Pastoral ministry in a missionary style is not obsessed with the disjointed transmission of a multitude of doctrines to be insistently imposed. When we adopt a pastoral goal and a missionary style which would actually reach everyone without exception or exclusion, the message has to concentrate on the essentials, on what is most beautiful, most grand, most appealing and at the same time most necessary. The message is simplified, while losing none of its depth and truth, and thus becomes all the more forceful and convincing.
All revealed truths derive from the same divine source and are to be believed with the same faith, yet some of them are more important for giving direct expression to the heart of the Gospel. In this basic core, what shines forth is the beauty of the saving love of God made manifest in Jesus Christ who died and rose from the dead. In this sense, the Second Vatican Council explained, “in Catholic doctrine there exists an order or a ‘hierarchy’ of truths, since they vary in their relation to the foundation of the Christian faith This holds true as much for the dogmas of faith as for the whole corpus of the Church’s teaching, including her moral teaching.”’

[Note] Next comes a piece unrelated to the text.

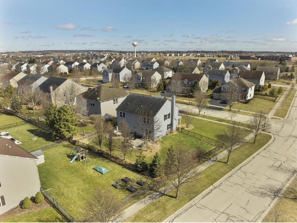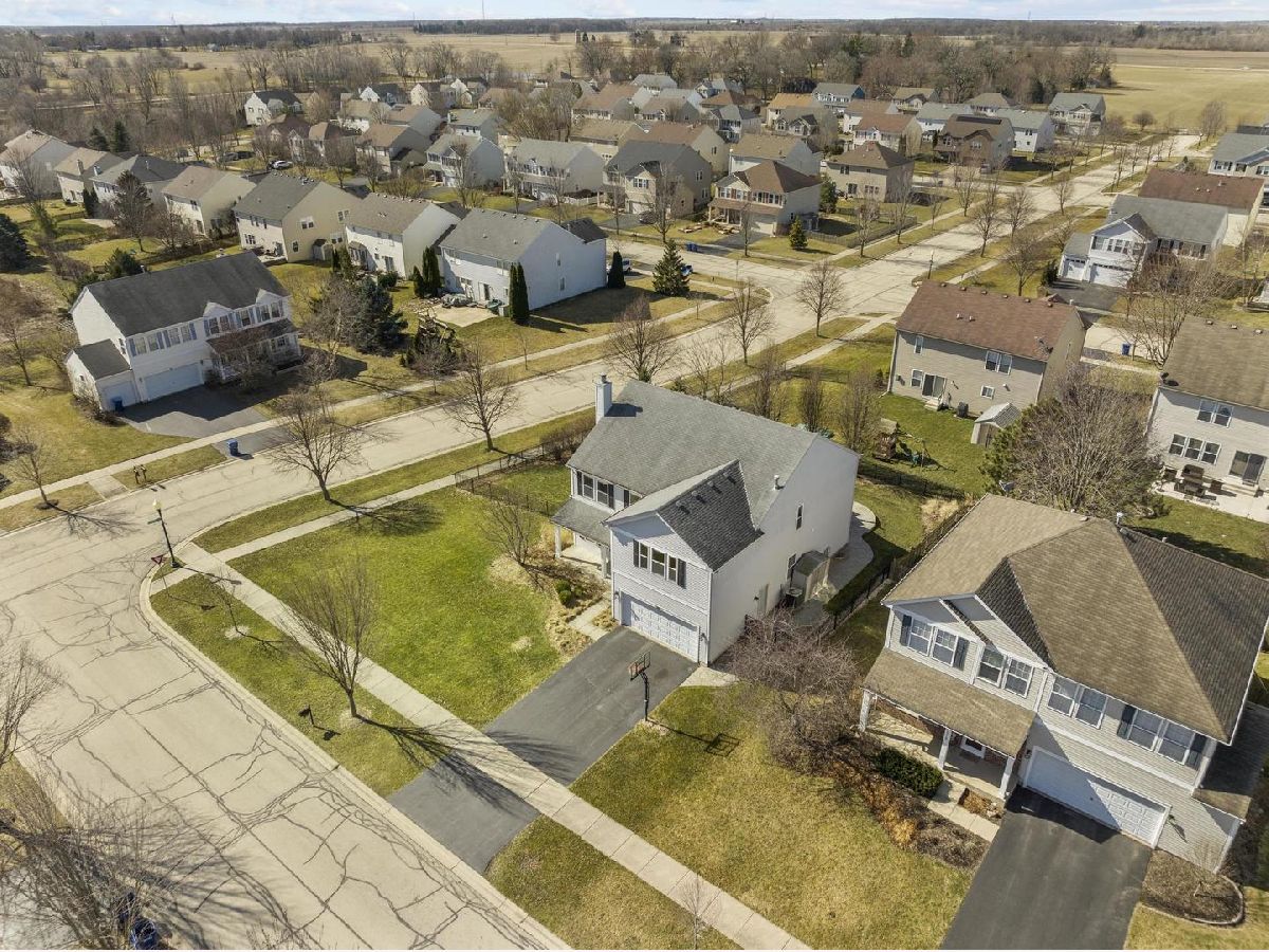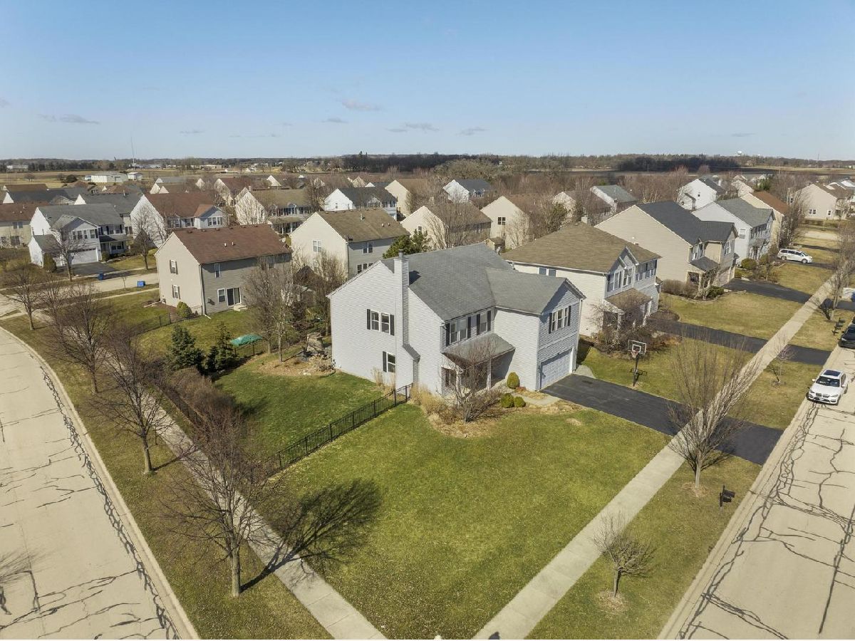 With nearly 3,000 square feet on a 1/4 acre fenced corner lot this home can't be missed! 5 bedrooms, one conveniently located on the first floor, accompanied by 3 full bathrooms and a spacious loft area. When you pull up its charming front porch and well-maintained landscaping immediately catch the eye. Inside, an open-concept living space welcomes you, adorned with elegant crown molding throughout. The family room offers a cozy retreat with its fireplace featuring a tile surround, while the chef-inspired kitchen delights with full-height cabinets, corian countertops, a large island, and modern appliances. The first floor also includes a full bathroom and a bedroom, alongside a sprawling mud/laundry room with ample folding space and storage. Upstairs, a comfortable loft area awaits, a perfect spot for relaxing or a get away play area for the kids. The primary bedroom is flooded with natural light, with an ensuite bathroom featuring new LVP flooring, dual vanity areas, soaking tub, a separate shower, and a custom closet. Three more additional bedrooms on this level with generous closet space as well. The basement offers potential for customization with a bathroom rough-in, serving as an ideal space for future plans or extensive storage. Outside, the home features a beautiful curved patio and a fully fenced yard on a corner lot. Located in the sought-after neighborhood of Blackberry Creek, residents enjoy the convenience of an onsite elementary school, parks, extensive walking trails, ponds and close proximity to the metro train and interstate access. Enjoy the quaint little town of Elburn or head a few miles east to all the bustling Fox Valley corridor has to offer!

The Holy Father quotes St. Thomas Aquinas on this: what counts above all is faith working through love. In our external work, mercy trumps everything else. That’s the way of Jesus. Remember when the Samaritan towns turned Jesus away, James and John wanted Him to call down fire on the towns, but Jesus refused. Aquinas explains: “In itself mercy is the greatest of the virtues, since all the others revolve around it and, more than this, it makes up for their deficiencies. This is particular to the superior virtue, and as such it is proper to God to have mercy, through which his omnipotence is manifested to the greatest degree.” In my ministry, I do condemn sin, while encouraging the sinner. If I point out sin, I endeavor always to stress the remedy–repentance, confession and restitution. God doesn’t wield a hammer, ready to strike whenever we do wrong. His arms are best used to welcome home the prodigal son and daughter.